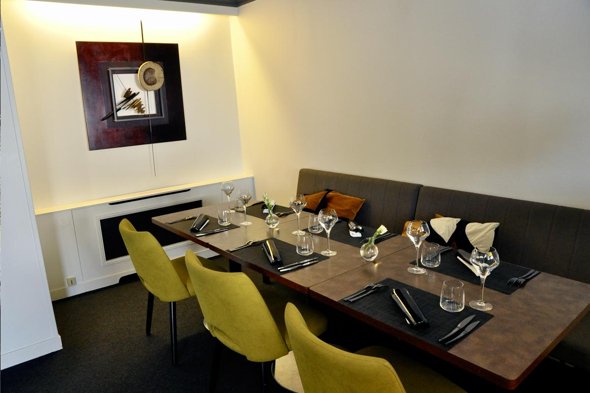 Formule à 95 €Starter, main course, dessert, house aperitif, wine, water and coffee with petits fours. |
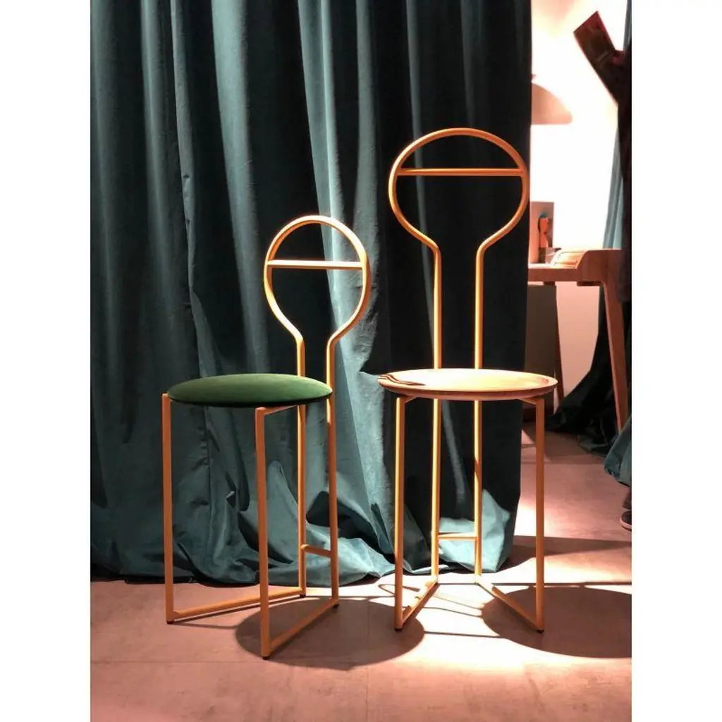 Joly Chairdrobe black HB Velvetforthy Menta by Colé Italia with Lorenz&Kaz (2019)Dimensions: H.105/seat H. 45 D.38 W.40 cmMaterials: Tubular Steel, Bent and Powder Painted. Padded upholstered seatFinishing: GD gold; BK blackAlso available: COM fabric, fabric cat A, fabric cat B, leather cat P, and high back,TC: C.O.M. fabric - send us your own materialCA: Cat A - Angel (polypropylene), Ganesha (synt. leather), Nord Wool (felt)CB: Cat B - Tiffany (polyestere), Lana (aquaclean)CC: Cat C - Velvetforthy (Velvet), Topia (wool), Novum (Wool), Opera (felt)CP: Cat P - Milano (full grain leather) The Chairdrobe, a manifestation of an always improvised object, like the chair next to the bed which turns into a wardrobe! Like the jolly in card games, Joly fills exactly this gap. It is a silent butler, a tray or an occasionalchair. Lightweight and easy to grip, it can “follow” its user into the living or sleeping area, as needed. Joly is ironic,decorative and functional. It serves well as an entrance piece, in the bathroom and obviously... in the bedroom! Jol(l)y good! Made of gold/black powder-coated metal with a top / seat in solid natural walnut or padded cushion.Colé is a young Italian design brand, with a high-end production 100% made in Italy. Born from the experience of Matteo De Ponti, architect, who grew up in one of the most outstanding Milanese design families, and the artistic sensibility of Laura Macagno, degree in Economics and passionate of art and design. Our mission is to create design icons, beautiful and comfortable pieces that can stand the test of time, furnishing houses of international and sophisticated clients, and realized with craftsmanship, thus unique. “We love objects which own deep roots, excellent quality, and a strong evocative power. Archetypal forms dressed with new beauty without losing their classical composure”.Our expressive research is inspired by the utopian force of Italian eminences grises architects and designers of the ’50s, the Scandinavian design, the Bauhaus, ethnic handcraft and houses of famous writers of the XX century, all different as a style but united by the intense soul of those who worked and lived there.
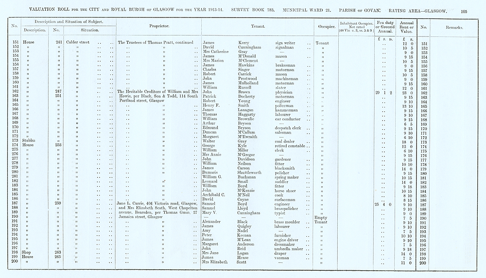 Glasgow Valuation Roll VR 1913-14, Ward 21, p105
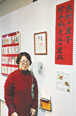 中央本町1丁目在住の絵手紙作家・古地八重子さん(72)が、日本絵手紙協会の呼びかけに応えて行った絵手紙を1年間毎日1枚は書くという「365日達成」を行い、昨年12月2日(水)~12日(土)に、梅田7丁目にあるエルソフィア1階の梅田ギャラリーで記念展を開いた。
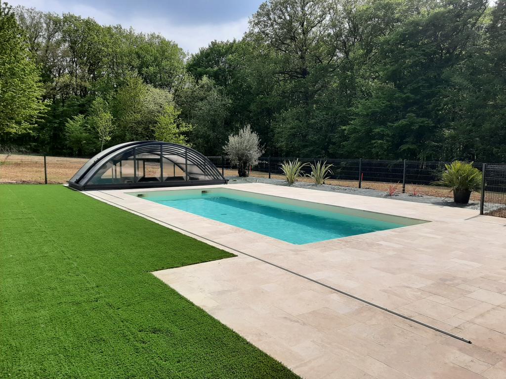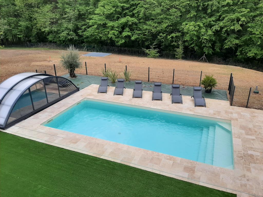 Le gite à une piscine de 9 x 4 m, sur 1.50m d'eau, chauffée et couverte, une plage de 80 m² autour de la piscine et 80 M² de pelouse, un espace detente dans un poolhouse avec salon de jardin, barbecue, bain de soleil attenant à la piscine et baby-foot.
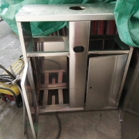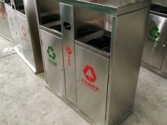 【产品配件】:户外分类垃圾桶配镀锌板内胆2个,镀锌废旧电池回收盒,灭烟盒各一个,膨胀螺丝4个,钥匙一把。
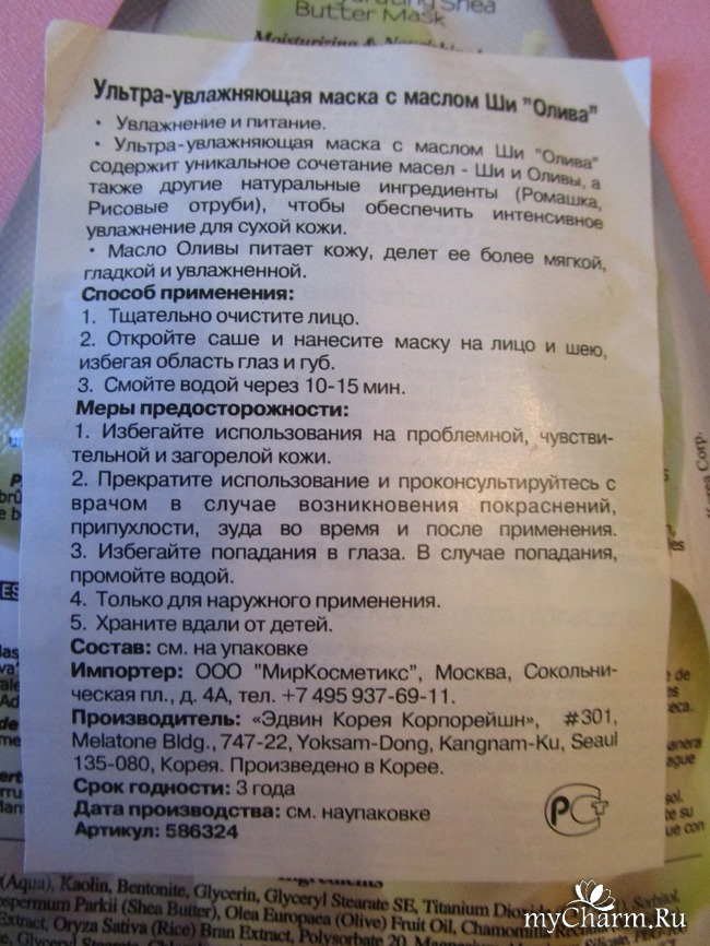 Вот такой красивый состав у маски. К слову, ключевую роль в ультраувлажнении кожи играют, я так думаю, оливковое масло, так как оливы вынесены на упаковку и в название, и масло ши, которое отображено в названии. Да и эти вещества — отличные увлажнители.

◆ ◆ ◆

> **BRIEF**
Return the material above verbatim, minus the pictures.

> **OUTPUT OF THE TASK**
 Formule à 95 €Starter, main course, dessert, house aperitif, wine, water and coffee with petits fours. |
 Joly Chairdrobe black HB Velvetforthy Menta by Colé Italia with Lorenz&Kaz (2019)Dimensions: H.105/seat H. 45 D.38 W.40 cmMaterials: Tubular Steel, Bent and Powder Painted. Padded upholstered seatFinishing: GD gold; BK blackAlso available: COM fabric, fabric cat A, fabric cat B, leather cat P, and high back,TC: C.O.M. fabric - send us your own materialCA: Cat A - Angel (polypropylene), Ganesha (synt. leather), Nord Wool (felt)CB: Cat B - Tiffany (polyestere), Lana (aquaclean)CC: Cat C - Velvetforthy (Velvet), Topia (wool), Novum (Wool), Opera (felt)CP: Cat P - Milano (full grain leather) The Chairdrobe, a manifestation of an always improvised object, like the chair next to the bed which turns into a wardrobe! Like the jolly in card games, Joly fills exactly this gap. It is a silent butler, a tray or an occasionalchair. Lightweight and easy to grip, it can “follow” its user into the living or sleeping area, as needed. Joly is ironic,decorative and functional. It serves well as an entrance piece, in the bathroom and obviously... in the bedroom! Jol(l)y good! Made of gold/black powder-coated metal with a top / seat in solid natural walnut or padded cushion.Colé is a young Italian design brand, with a high-end production 100% made in Italy. Born from the experience of Matteo De Ponti, architect, who grew up in one of the most outstanding Milanese design families, and the artistic sensibility of Laura Macagno, degree in Economics and passionate of art and design. Our mission is to create design icons, beautiful and comfortable pieces that can stand the test of time, furnishing houses of international and sophisticated clients, and realized with craftsmanship, thus unique. “We love objects which own deep roots, excellent quality, and a strong evocative power. Archetypal forms dressed with new beauty without losing their classical composure”.Our expressive research is inspired by the utopian force of Italian eminences grises architects and designers of the ’50s, the Scandinavian design, the Bauhaus, ethnic handcraft and houses of famous writers of the XX century, all different as a style but united by the intense soul of those who worked and lived there.
 Glasgow Valuation Roll VR 1913-14, Ward 21, p105
 中央本町1丁目在住の絵手紙作家・古地八重子さん(72)が、日本絵手紙協会の呼びかけに応えて行った絵手紙を1年間毎日1枚は書くという「365日達成」を行い、昨年12月2日(水)~12日(土)に、梅田7丁目にあるエルソフィア1階の梅田ギャラリーで記念展を開いた。
 Le gite à une piscine de 9 x 4 m, sur 1.50m d'eau, chauffée et couverte, une plage de 80 m² autour de la piscine et 80 M² de pelouse, un espace detente dans un poolhouse avec salon de jardin, barbecue, bain de soleil attenant à la piscine et baby-foot.
 【产品配件】:户外分类垃圾桶配镀锌板内胆2个,镀锌废旧电池回收盒,灭烟盒各一个,膨胀螺丝4个,钥匙一把。
 Вот такой красивый состав у маски. К слову, ключевую роль в ультраувлажнении кожи играют, я так думаю, оливковое масло, так как оливы вынесены на упаковку и в название, и масло ши, которое отображено в названии. Да и эти вещества — отличные увлажнители.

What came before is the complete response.